The team is set to present their work at ACM SIGGRAPH Asia, held Nov. 17 to 20 in Brisbane, Australia. SIGGRAPH Asia, now in its 12th year, attracts the most respected technical and creative people from around the world in computer graphics, animation, interactivity, gaming, and emerging technologies.
While existing video editing tools still demand knowledge in video processing and editing, the researchers’ new method allows novices to create videos that tell stories more naturally. Write-A-Video, say the researchers, allows users to create a video montage by simply editing the text that accompanies the video. For example, adding or deleting text, and moving sentences around convert to video-editing operations, such as finding corresponding shots, cutting and rearranging shots, and creating a final video montage result.
“Write-A-Video uses current advances in automatic video understanding and a unique user interface to allow more natural and simpler video creation,” says Professor Ariel Shamir, Dean of the Efi Arazi School of Computer Science at IDC Herzliya. “With our tool, the user provides input mostly in the form of editing of text. The tool automatically searches for semantically matching candidate shots from a video repository, and then uses an optimization method to assemble the video montage by cutting and reordering the shots automatically.”
“Write-A-Video also allows users to explore visual styles for each scene using cinematographic idioms generating, for example, faster or slower paced movies, less or more content movements, etc.” explains Dr. Miao Wang from Beihang University.
When selecting candidate shots from the video repository, the method also considers the aesthetic appeal of the shots, choosing those that are ideally lit, that are well focused and are not blurry or unstable. “At any point, the user can render the movie and preview the video montage result with an accompanying voice-over narration.” says Professor Shi-Min Hu from Tsinghua University.
The team’s research shows that intelligent digital tools combining the abilities of humans and algorithms together can assist users in the creative process. “Our work demonstrates the potential of automatic visual-semantic matching in idiom-based computational editing, offering an intelligent way to make video creation more accessible to non-professionals,” says Shamir.

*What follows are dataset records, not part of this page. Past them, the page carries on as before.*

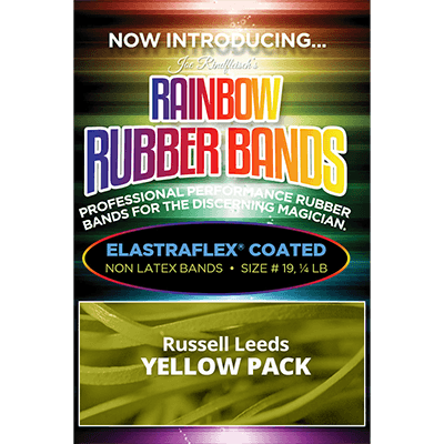 Named after Russell Leeds these amazing yellow rubber bands are the very best for performing and showcasing your magic. Each band is coated with Elastraflex which makes the bands stronger and less likely to break during performance. Bands are able to stretch further than normal bands and continue to stay shiny. These bands are smooth to the touch and don’t feel like rubber as they slide smoothly against each. Simply put…… if you do rubber band magic, you need these bands!
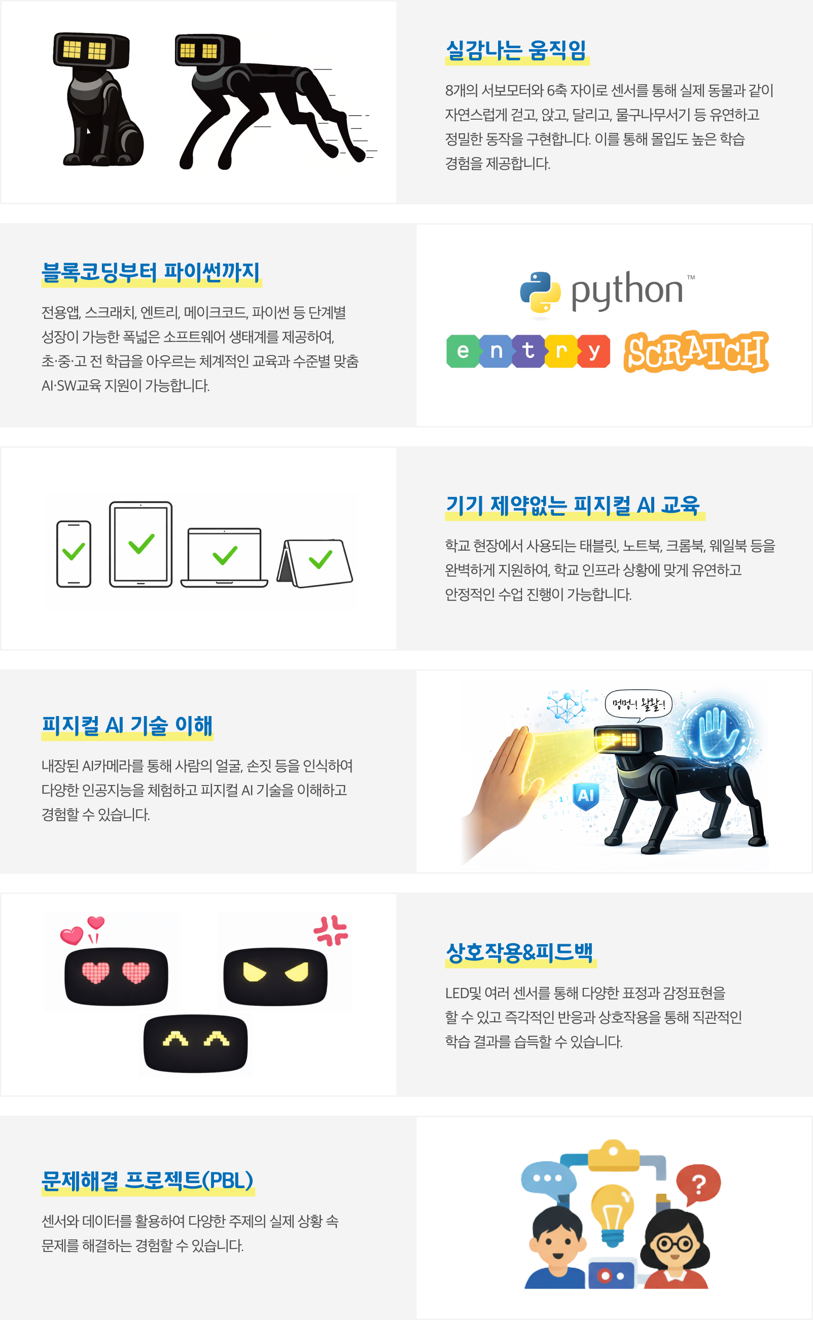 4족 보행 시스템과 AI학습기능을 갖춘 교육용 로봇으로,
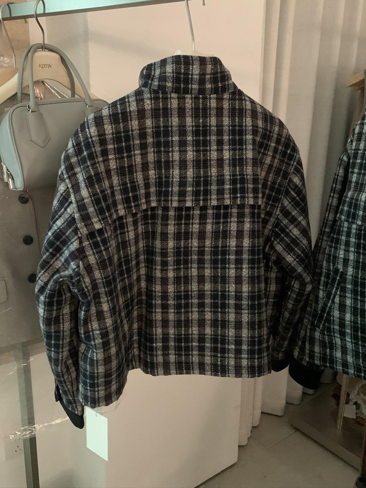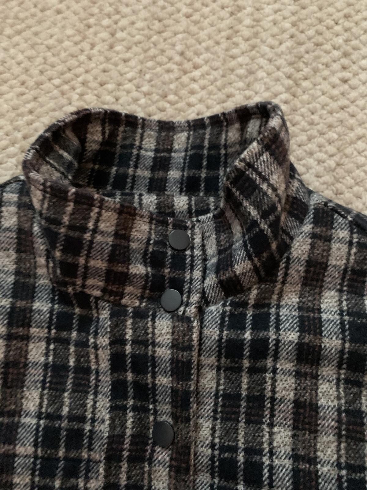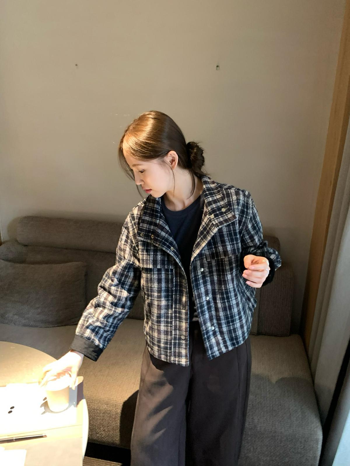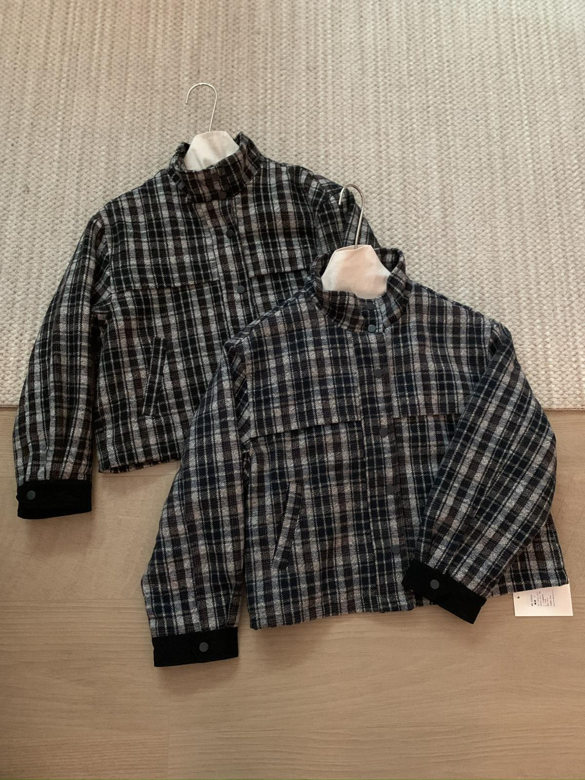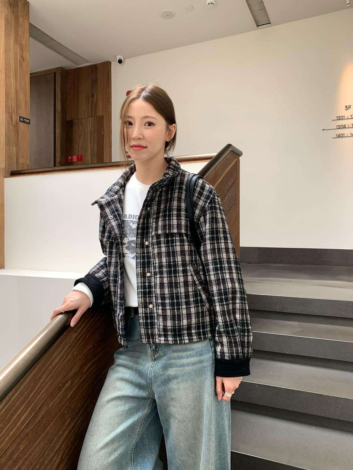 【C7531】復古休閒拼接撞色格紋設計感夾棉保暖棉服外套
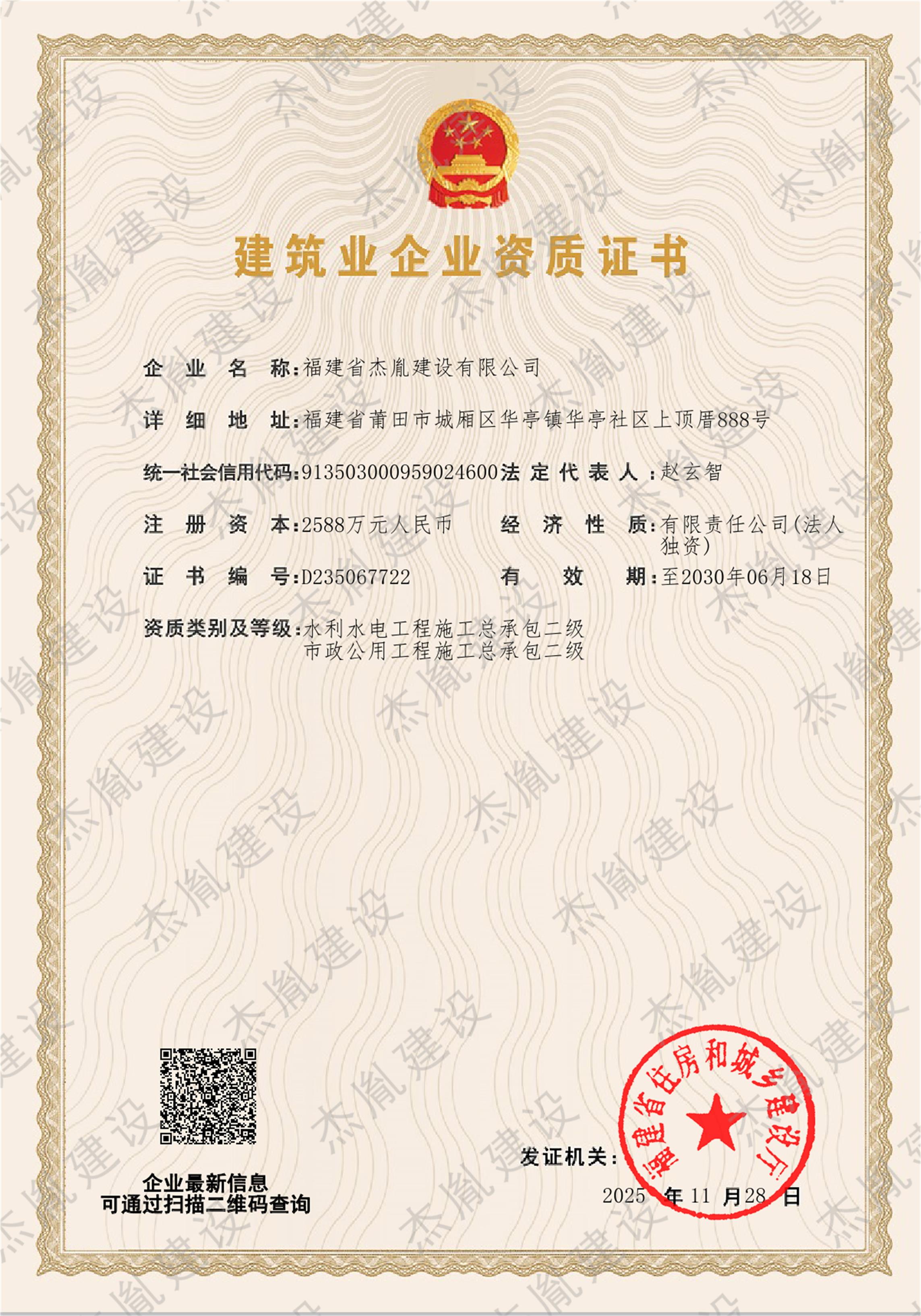 水利水电工程施工总承包二级
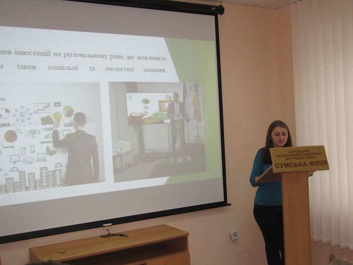 Кафедра соціально-економічних дисциплін Сумської філії Харківського національного університету внутрішніх справ провела для студентів круглий стіл на тему «Формування організаційно-економічного механізму залучення інвестицій до регіону». До студентів-гуртківців звернулася завідувач кафедри Олена Лук’янихіна, яка підкреслила актуальність обраної теми й надала слово для основної доповіді студентці 4 курсу Анастасії Левченко. Також із співдоповідями виступили студенти Неля Чмиркова, Анна Сімашова, Євгенія Зимогляд, Олена Кузьмик.
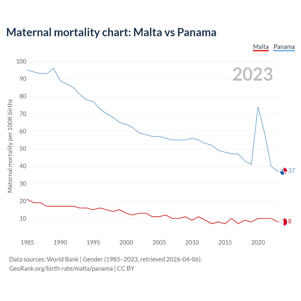 The maternal mortality rate, which is the probability of dying during childbirth or within 42 days of pregnancy termination, is 8 deaths per 100,000 live births in Malta, compared to 37 deaths in Panama.

For the study, the approach was tested on various pieces of themed text and video repositories, with quantitative evaluation and user studies. Users without any video editing experience could produce satisfactory videos using the Write-A-Video tool, sometimes even faster than professionals utilizing frame-based editing software. At SIGGRAPH Asia, the team will demonstrate the Write-A-Video application and showcase a variety of examples of text-to-video productions.
The team includes Miao Wang (State Key Lab of Virtual Reality Technology and Systems/Beihang University and Tsinghua University); Guo-Wei Yang (BNRist/Tsinghua University); Shi-Min Hu (BNRist/Tsinghua University); Shing-Tung Yau (Harvard) and Ariel Shamir (IDC Herzliya, Israel).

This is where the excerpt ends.